YOUR TASK =>
Word for word, write the lines below out again, with no pictures.

RECORDED DATA =>
-=-=-
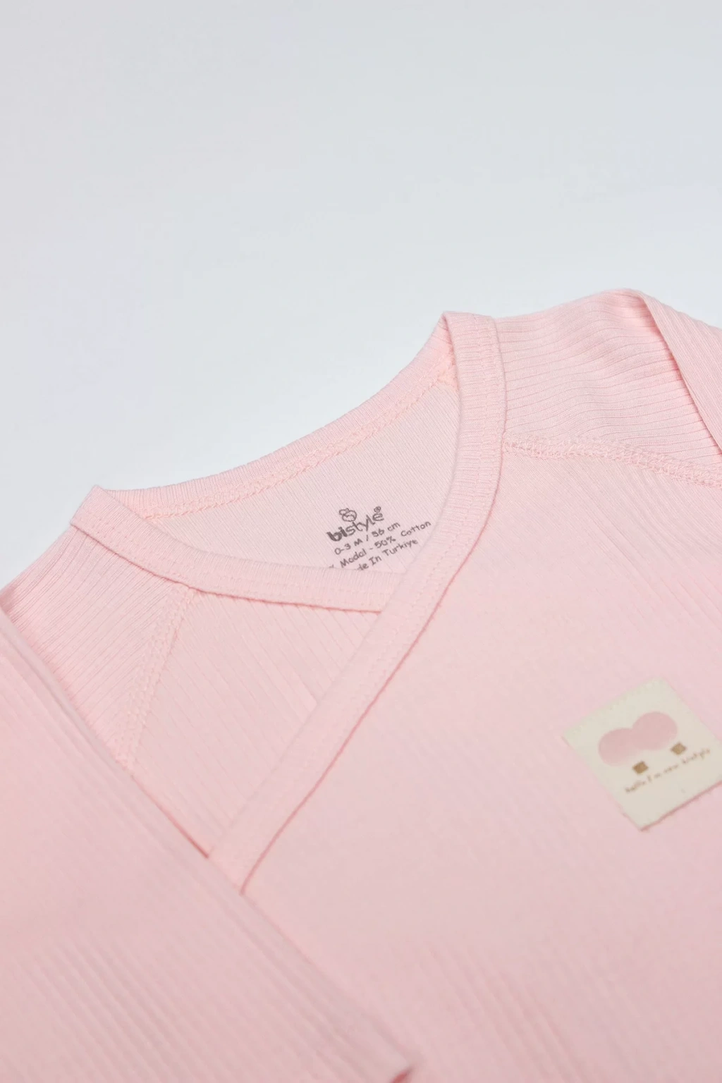 Bistyle Organik Natural Basic Style Kruvaze Uzun Kol Body Bs17102 Pembe
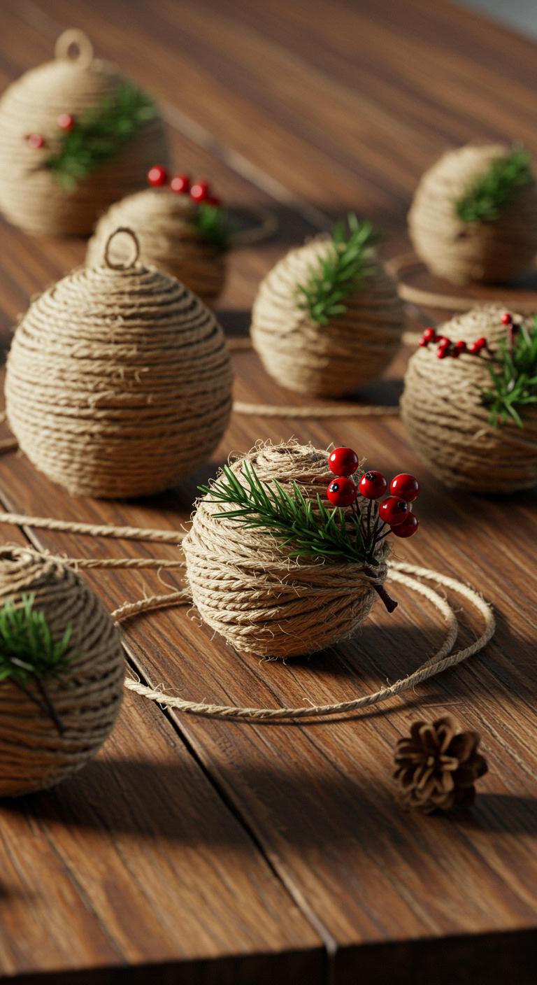Twine-wrapped ornaments add a rustic charm to your decor. Start with a foam ball or old ornament, then wrap it tightly with natural twine. For added interest, glue on dried flowers or small pine branches. This DIY is straightforward and looks stunning on any tree! Budget Tip: Use leftover twine from other craft projects to save money!
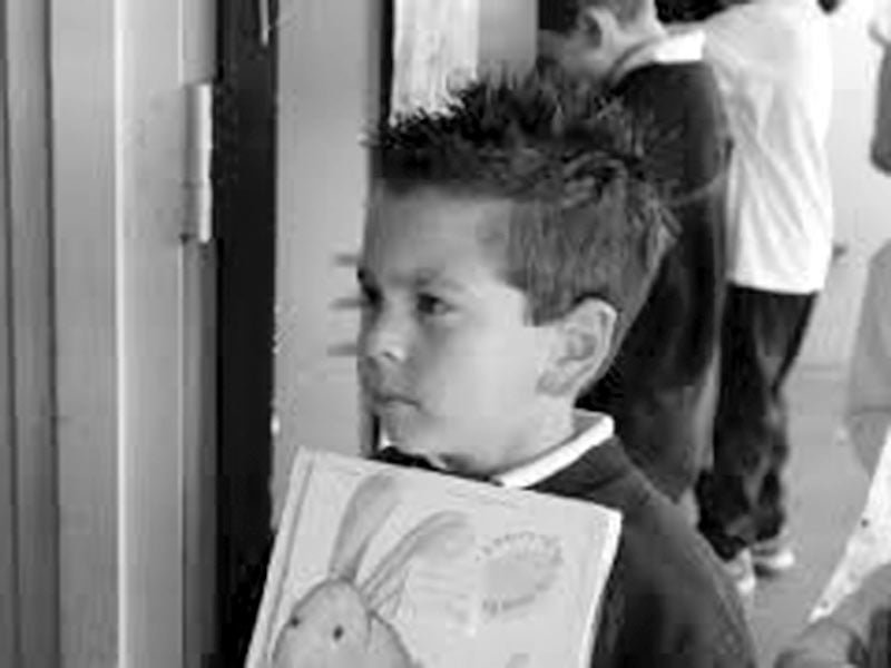 The journey to school went by far too quickly. Before I had time to prepare myself for the ordeal, mum stopped the car outside the school gates. I got out and walked inside. There were already lots of people playing in the schoolyard. I tried hard not to look at them, hoping perhaps they wouldn’t look at me.
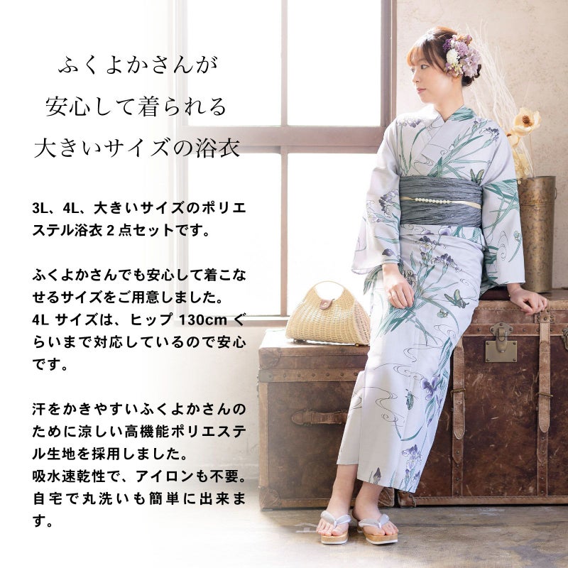3Lサイズ、4Lサイズの大きいサイズの浴衣です。体型によって適応サイズは前後しますが、3Lは17号、19号、21号、23号、4Lは21号、23号、26号の方向けです。
-=-=-
EXERCISE ANSWER =>
 Bistyle Organik Natural Basic Style Kruvaze Uzun Kol Body Bs17102 Pembe
Twine-wrapped ornaments add a rustic charm to your decor. Start with a foam ball or old ornament, then wrap it tightly with natural twine. For added interest, glue on dried flowers or small pine branches. This DIY is straightforward and looks stunning on any tree! Budget Tip: Use leftover twine from other craft projects to save money!
 The journey to school went by far too quickly. Before I had time to prepare myself for the ordeal, mum stopped the car outside the school gates. I got out and walked inside. There were already lots of people playing in the schoolyard. I tried hard not to look at them, hoping perhaps they wouldn’t look at me.
3Lサイズ、4Lサイズの大きいサイズの浴衣です。体型によって適応サイズは前後しますが、3Lは17号、19号、21号、23号、4Lは21号、23号、26号の方向けです。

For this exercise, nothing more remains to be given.